5 de junio de 2005

Gilberto Arriaza ha cultivado el proceso pictórico, así como el trabajo en cerámica, escultura y otras actividades con paciencia y conciencia.

Texto y fotos: Enrique S. Castro

“Persuadiendo a la justicia”, tinta y yeso pastel sobre kraft.

El universo de Gilberto Arriaza está hecho de sueños, ilusiones y esperanzas; pero también de esos elementos naturales como la tierra, el fuego y el agua convergiendo en una mezcla germinal llena de fantasía y de esa espiritualidad tan característica en los auténticos creadores de imágenes y metáforas.

Por sus avanzados estudios académicos es muy docto y apegado a los principios originales del arte.
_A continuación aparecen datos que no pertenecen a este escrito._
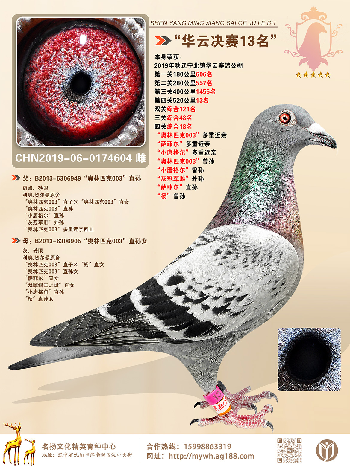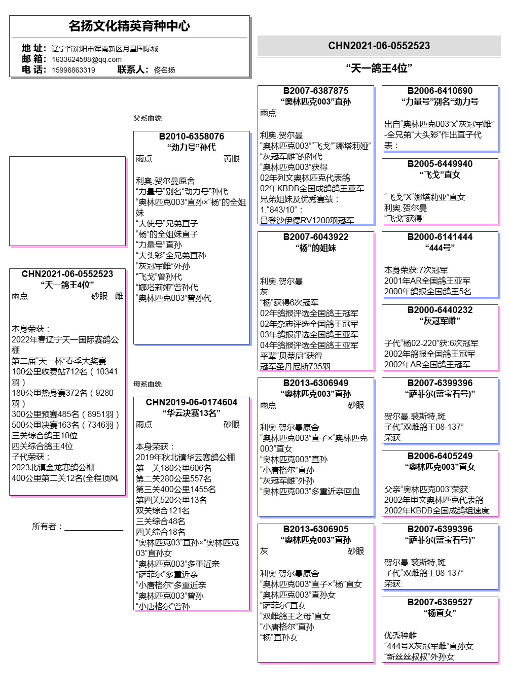 所有拍卖鸽全部血统真实!!个人鉴鸽观点不一,飞不飞天上见.血统成绩第一

Esto en la cotidianidad se puede ver plasmado en esas permanentes exposiciones de témperas, crayolas, tintas, acuarelas y lápiz de sus niños alumnos colgando en las paredes de su casa-academia “El caracol azul”.

Arriaza es un pintor devoto de sus particulares visiones. Con todo hay una urgente liberación de la academia, de los maestros, de esas tradiciones y etnias de la Chalchuapa de sus ancestros, de las corrientes dominantes de su tiempo; “esa juventud que se conquista en la madurez”, en Gilberto culminó con seguridad admirable.

El consumado dibujante pronto comprendió que el cuadro no tuviera otra finalidad que la de ser pintura: sus dos obsesiones: el dibujo (ahora de gran formato) y lo pictórico.

Sus antecedentes lo evidencian: desde edad temprana era un plástico, aunque semejara partir siempre de una idea poética o literaria. El dominio del dibujo fue parte esencial en su vocación, algo anecdótico años más tarde cuando cursaba estudios de artes plásticas en La Plata: sus compañeros argentinos admiraban profundamente la facilidad del salvadoreño para dibujar y hacer caricaturas de lo cotidiano.

Y es que Gilberto Arriaza, a quien desde pequeño le gustaba reproducir “los niños” de Camilo Minero, que aparecían en los calendarios, usando yeso y materiales de barro, vivió los momentos estelares de nuestra historia contemporánea, cuando recién a sus 15 años estudiaba pintura en la vetusta casona donde funcionaba el Centro Nacional de Artes en el barrio San Jacinto.

Su vocación se manifestó a temprana edad cuando literalmente tapizaba de rótulos, dibujos y pinturas las paredes de la escuelita urbana de Chalchuapa, donde cursó su educación primaria. De esos tiempos románticos, de crepúsculos inequívocos e ilusiones tardías, se inicia la retrospectiva de su vida, que no había de parar hasta su plena madurez, cuando encontró un justo equilibrio a su espíritu nómada y aventurero.

“Puerta del diablo”.

“La vida de un pintor —decía Jean Bazaine— es al revés que se desenvuelve: el pintor nace viejo”. Arriaza maduró como persona y como artista con rapidez. Los fantasmas y los mitos de su temprana adolescencia lo vigilaron siempre, la naturaleza y los años cargados de ira de esta telúrica nación lo alcanzaron hasta descorazonarlo.

Es su total gratitud a la vida lo que lo mantiene, lo perfila y lo conduce por los senderos de las artes plásticas.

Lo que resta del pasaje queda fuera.